**Directions for this task:** The entries below contain pictures. Write out only the lines from the line with "встраивания | 260x485x30мм |" up to and including the line with "線上服務(wù)中,采用文字", exactly, without them.

**Material for this task:**
==============================

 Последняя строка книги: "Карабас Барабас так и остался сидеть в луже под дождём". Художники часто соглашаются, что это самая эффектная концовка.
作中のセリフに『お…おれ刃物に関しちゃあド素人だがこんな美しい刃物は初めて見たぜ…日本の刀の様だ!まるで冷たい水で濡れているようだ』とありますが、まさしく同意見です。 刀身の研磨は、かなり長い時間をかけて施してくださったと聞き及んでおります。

==============================

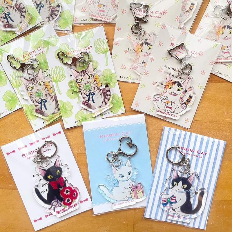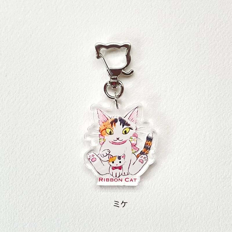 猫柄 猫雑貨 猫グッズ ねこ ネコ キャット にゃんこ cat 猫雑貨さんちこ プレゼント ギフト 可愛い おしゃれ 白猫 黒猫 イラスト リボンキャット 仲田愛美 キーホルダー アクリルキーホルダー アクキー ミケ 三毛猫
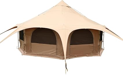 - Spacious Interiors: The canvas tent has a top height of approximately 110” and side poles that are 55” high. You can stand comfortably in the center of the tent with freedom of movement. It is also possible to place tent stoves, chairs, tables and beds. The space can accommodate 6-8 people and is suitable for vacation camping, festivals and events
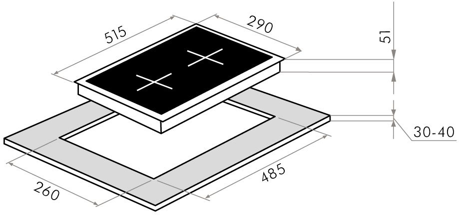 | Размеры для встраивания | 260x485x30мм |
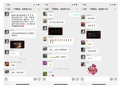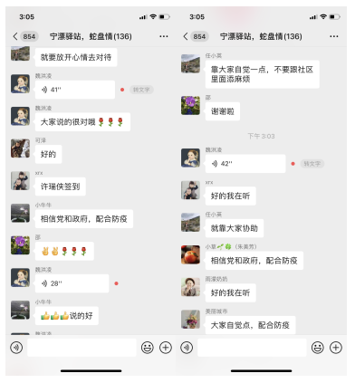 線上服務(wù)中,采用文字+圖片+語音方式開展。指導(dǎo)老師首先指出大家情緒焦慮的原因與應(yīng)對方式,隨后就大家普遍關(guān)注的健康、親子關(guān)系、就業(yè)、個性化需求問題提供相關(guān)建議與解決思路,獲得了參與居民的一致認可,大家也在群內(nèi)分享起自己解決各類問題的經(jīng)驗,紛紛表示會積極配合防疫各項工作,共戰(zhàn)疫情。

==============================

**Answer below:**
 | Размеры для встраивания | 260x485x30мм |
 線上服務(wù)中,采用文字+圖片+語音方式開展。指導(dǎo)老師首先指出大家情緒焦慮的原因與應(yīng)對方式,隨后就大家普遍關(guān)注的健康、親子關(guān)系、就業(yè)、個性化需求問題提供相關(guān)建議與解決思路,獲得了參與居民的一致認可,大家也在群內(nèi)分享起自己解決各類問題的經(jīng)驗,紛紛表示會積極配合防疫各項工作,共戰(zhàn)疫情。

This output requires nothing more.